Friday, November 7, 2008

Sarkozy veut convaincre l’Europe, avant Washington


Économie 7 nov. 6h51


Le chef de l’Etat donne cent jours aux pays du G20 pour élaborer des propositions afin de réformer les marchés.


GRÉGOIRE BISEAU


Il ne sera pas dit que Nicolas Sarkozy se sera couché devant l’ampleur de la tâche. Déterminé à faire accoucher de cette crise financière au moins quelques mesures labelisables sous le titre de «réforme du système financier mondial», il a donné à ses partenaires du G20 «cent jours», à compter du 15 novembre, pour aboutir à «des propositions concrètes et opérationnelles». Soit le 23 février, dernier délai, pour rendre sa copie. Un mois seulement après la prise de fonction de Barack Obama. Alors que l’administration américaine avait déclaré en début de semaine qu’il ne fallait justement pas «s’attendre à des mesures concrètes» après la réunion de Washington du 20 novembre, Nicolas Sarkozy semble déterminé à profiter de cette période de transition entre les équipes de Bush et d’Obama pour imposer sinon ses vues au moins son rythme.

Accueil tiède. Aujourd’hui, et juste avant un G20 des ministres des Finances qui se tiendra ce week-end à São Paulo au Brésil, le «Sarko Tour» s’arrête à Bruxelles. Le président français réunit les chefs d’Etat et de gouvernement de l’Union européenne pour tenter d’afficher une position commune sur son projet de «réformes du système financier mondial». En début de semaine, un premier projet de conclusions avait été soumis aux ministres des Finances de l’Union. L’accueil fut tiède. Les Anglais l’ont jugé «trop détaillé» et demandé de revenir à des principes plus généraux. Et les Allemands étaient très agacés par le projet français de vouloir créer un «gouvernement économique de la zone euro». Et sur le fond ? «Il y a un vrai consensus avec la majorité des pays européens», assure une source proche de la présidence française. Mais comme souvent dans ces exercices, les gros problèmes sont dans les petits détails.

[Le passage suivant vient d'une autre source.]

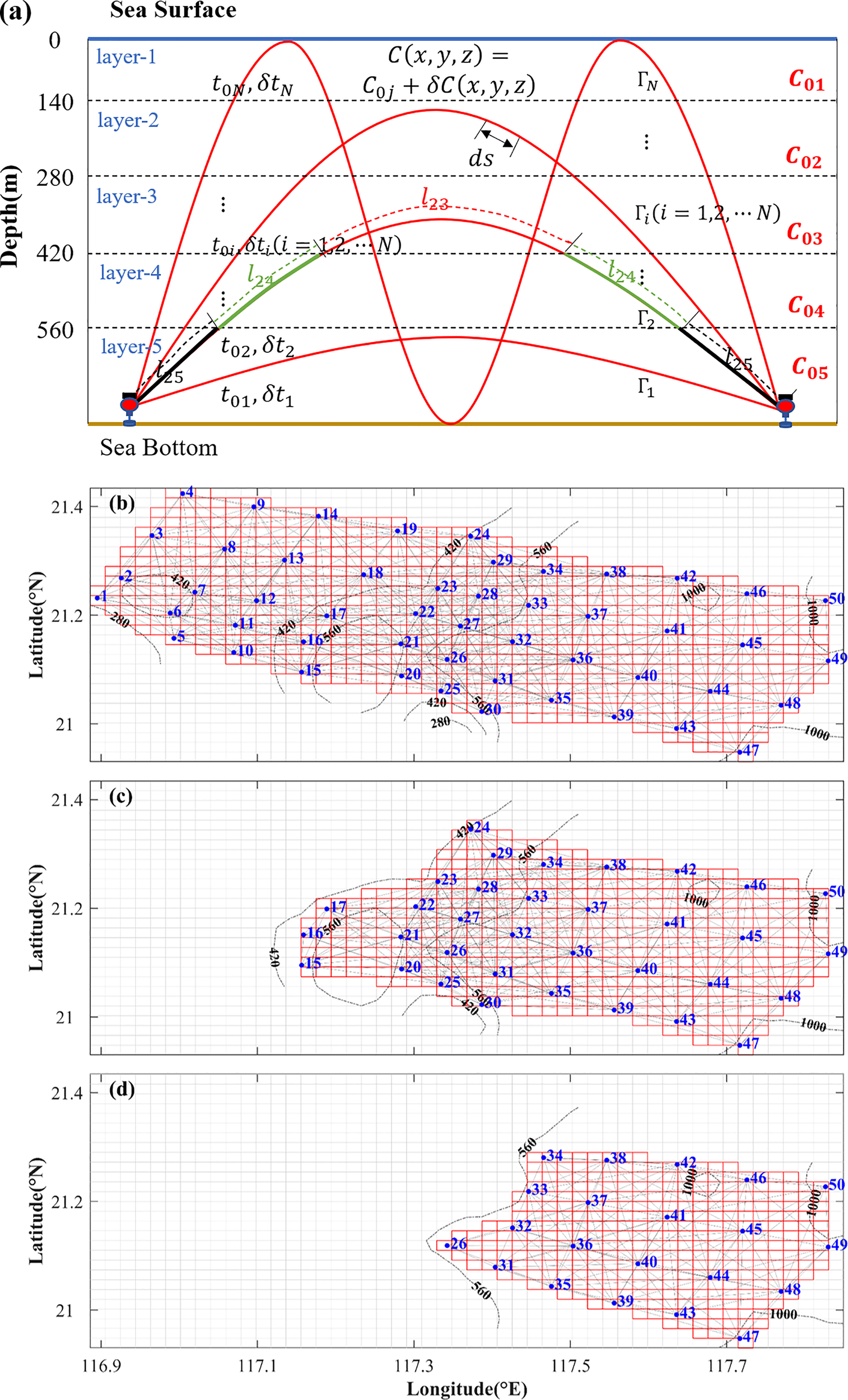Following the vertical-slice inversion in Kaneko et al. (2020), as shown in Figure 2A, we present an example to demonstrate the vertical-slice inversion for four rays and five horizontal layers. Range-average sound speed deviations are considered unknown variables between each station pair, which are need to be solved by the vertical-slice inversion. In this study, one-way travel times were simulated, and the effect of velocity on them was neglected as a suitable assumption. The one-way travel time along each ray path Γi is calculated as follows: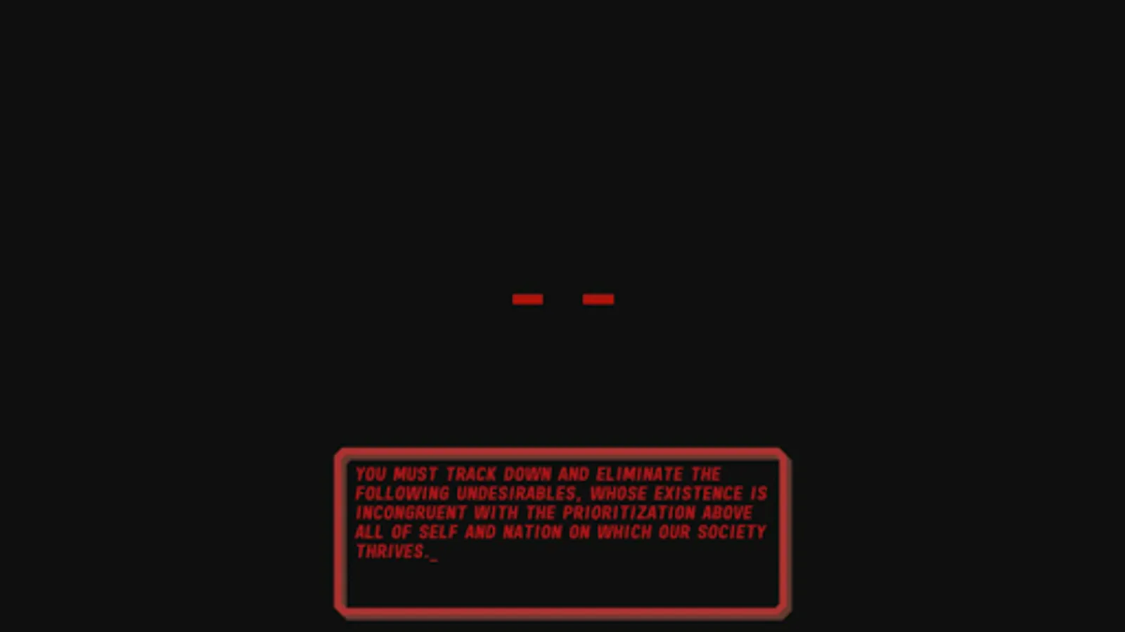YOU MUST TRACK DOWN AND ELIMINATE FOUR UNDESIRABLES, WHOSE EXISTENCE IS INCONGRUENT WITH THE PRIORITIZATION ABOVE ALL OF SELF AND NATION ON WHICH OUR SOCIETY THRIVES.

Si Français et Allemands sont, par exemple, plutôt en phase sur le diagnostic général de la crise, la question de la régulation des hedge funds continue d’empoisonner les deux pays. Berlin tient, depuis longtemps, à une régulation stricte de ces fonds d’investissement de très court terme, qui fonctionnent le plus souvent par recours à l’endettement. «On a une approche plus libérale que les Allemands sur la question», reconnaît un fonctionnaire français. Les Allemands, eux, seraient favorables à des règles prudentielles strictes qui, de fait, limiteraient l’activité de ces fonds. La France est bien plus prudente. Et pour se justifier, elle laisse entendre que les Etats-Unis et la Grande-Bretagne ne voudront jamais d’une régulation aussi générale.

Nuance. Autre sujet de désaccord, avec la Grande Bretagne cette fois : l’avenir du FMI. Même si la quasi-totalité des Européens sont d’accords pour donner plus de pouvoir macroéconomique au FMI et réformer son mode de gouvernance pour mieux représenter les nouveaux pays émergents, les Anglais (contrairement aux Français) ne voient pas d’un très bon œil l’avènement d’une institution internationale capable, demain, de jouer le rôle de «supergendarme des marchés financiers». Concernant le rôle du FMI, le texte, dans sa nouvelle version, a d’ailleurs remplacé l’expression de «surveillance financière» par celui «de stabilité financière». Petite nuance. Mais grosses conséquences.